Wednesday 1 June 2022

Five Poems by David Alec Knight


The Dark Eyes

The light that pierces
poses riddles and facts past.

Within us and without us
we trip too high and we
fall hard low, we drowning
flail cry then crawl rise
through the screeching creeks
and the screaming crackle.

Will we wonder
hot and reddening
why we are here, when
we should have died
sleepily quiet before we
found ourselves hangfired?

Posterity will miss where
we go and where from, lost
in aimless deserted tread.


When we come
to the thin blood
point of sifting ashes
will we dive down dead
and submerge as we once
were prior to our birth?

Will we rip out of the ground
crying with angry shocked joy?

When we leave nothing made
in life we are little else in death
but a marker of bones disheveled.
We will find only that ever felt,
unseen lurid coldness within
as one reality recedes away.

Feel Her move from Her throne
of nothingness, Her face
revealed, She has raven
black roses for eyes.

The Light Of Dying

If we lived
at the speed of light
and we shone
a light ahead of us
we would never catch up
to the light we shone:
we cannot outrace ourselves
on the continuum
we find ourselves.

We can shine, share
and can believe
in parallel worlds
where for every world
on which we die too soon,
is one awaits alternately
where we live far longer.

We can shine, share
and hope until the last
in every ray
-- the shine
in a broad toothy smile,
in bright sparkle eyes
-- the shine
in metaphor
of memories
once made.

Being With

I am with
the bird
and their broken wings,
fallen to apathetic pavement.
I am with
the oak
fallen in the lightning storm,
a wound of electric scorch.
I am with
the drowned
in the turbulence of the sea,
waves dark and light indifferent.
I am with
the strong winged
eagle, surveyor of cloud,
seeking his mate.
I am with
the blade of grass
grown through city cracks,
uncut and tall.
I am with
the water
ever seeking level,
wherever water flows.

 "Oh No... There Goes Tokyo!"

As soon as I came in the house
that afternoon, I ran up the stairs
and into the kitchen for the radio.

When I was outside playing, one
of the other kids said the radio
was playing 'the Godzilla song' hourly.

The radio hadn't been something
that interested me up to that point:
it sounded like mumbling static fritz.

But this was music that WE could relate to:
someone had written an anthem for us kids man,
we monster kids and fans of the king -- Godzilla.

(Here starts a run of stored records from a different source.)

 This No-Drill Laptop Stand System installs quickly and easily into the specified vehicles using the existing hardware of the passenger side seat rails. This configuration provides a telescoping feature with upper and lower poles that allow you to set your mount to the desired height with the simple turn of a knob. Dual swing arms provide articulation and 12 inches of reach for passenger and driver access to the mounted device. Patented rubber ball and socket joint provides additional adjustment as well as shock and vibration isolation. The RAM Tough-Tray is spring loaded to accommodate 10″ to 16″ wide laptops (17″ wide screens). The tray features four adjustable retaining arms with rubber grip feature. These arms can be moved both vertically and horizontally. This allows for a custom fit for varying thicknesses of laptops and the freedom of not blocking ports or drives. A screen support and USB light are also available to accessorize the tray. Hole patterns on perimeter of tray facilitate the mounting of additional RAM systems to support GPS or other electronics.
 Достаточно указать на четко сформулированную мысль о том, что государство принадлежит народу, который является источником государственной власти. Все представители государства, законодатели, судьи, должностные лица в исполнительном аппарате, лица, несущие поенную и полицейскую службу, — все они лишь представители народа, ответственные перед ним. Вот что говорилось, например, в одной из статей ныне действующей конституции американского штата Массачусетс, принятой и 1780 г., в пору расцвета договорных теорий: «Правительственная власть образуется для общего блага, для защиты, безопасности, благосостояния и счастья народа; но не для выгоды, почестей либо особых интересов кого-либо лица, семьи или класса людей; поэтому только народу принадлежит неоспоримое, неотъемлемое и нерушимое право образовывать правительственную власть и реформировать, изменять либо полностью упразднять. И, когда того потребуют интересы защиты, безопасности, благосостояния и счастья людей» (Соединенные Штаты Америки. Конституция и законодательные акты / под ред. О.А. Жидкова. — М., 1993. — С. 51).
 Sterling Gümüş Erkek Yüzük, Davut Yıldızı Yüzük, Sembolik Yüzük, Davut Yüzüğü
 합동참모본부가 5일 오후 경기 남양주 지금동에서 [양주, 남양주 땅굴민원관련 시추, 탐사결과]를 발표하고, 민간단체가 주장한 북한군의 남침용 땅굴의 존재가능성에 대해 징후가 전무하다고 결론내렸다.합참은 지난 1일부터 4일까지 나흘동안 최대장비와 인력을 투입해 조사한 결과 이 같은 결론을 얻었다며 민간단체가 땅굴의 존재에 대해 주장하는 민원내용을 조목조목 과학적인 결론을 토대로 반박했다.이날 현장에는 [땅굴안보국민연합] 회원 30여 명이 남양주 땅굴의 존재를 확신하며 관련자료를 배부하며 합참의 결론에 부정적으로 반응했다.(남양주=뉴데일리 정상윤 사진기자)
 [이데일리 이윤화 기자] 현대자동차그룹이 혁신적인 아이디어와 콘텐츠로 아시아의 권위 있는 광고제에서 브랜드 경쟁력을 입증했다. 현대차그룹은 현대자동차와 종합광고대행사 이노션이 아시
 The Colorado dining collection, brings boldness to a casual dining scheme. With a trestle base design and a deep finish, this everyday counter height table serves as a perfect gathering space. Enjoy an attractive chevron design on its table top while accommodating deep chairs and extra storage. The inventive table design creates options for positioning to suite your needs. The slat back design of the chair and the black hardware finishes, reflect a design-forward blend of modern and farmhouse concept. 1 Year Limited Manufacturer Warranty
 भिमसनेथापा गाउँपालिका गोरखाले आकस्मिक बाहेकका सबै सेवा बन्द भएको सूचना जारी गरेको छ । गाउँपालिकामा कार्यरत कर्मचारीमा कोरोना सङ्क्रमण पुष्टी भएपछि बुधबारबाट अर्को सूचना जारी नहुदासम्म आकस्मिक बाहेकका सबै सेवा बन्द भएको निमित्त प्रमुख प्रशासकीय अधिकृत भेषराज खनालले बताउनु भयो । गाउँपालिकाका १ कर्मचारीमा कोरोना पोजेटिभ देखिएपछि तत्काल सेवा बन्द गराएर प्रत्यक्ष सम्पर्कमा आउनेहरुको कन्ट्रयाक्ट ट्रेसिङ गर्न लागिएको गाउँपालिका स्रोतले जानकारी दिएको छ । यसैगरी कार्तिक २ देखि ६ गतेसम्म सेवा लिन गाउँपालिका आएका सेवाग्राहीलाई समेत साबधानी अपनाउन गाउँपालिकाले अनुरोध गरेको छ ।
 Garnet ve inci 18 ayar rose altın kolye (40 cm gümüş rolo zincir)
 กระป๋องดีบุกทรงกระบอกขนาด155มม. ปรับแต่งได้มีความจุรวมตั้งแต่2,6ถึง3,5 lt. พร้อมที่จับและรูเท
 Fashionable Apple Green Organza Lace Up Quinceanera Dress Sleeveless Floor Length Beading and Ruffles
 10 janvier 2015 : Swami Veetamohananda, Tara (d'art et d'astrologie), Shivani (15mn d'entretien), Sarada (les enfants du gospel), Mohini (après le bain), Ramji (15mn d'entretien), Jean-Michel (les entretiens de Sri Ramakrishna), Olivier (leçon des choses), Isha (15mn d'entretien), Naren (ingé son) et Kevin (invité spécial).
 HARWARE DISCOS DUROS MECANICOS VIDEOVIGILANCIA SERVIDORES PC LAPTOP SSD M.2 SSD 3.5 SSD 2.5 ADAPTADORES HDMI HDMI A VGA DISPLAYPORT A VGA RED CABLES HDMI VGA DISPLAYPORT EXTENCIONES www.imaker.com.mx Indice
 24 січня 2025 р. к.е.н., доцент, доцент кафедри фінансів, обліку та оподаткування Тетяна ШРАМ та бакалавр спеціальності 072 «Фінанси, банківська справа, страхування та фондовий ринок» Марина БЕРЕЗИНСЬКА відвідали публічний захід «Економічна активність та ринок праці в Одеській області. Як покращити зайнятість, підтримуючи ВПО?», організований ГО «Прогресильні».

And when finally the song came on...
I just couldn't turn the volume loud enough,
as I laughed: this was my kind of rock n' roll!

Let the babysitters and the teenagers
have their "(Don't Fear) The Reaper", for we
were quite happy with OUR song, "Godzilla".

Mom seemed pleased something new interested me,
until she said, "Turn it down! The guitars are loud!"
... I have to turn it up, so I can hear the words!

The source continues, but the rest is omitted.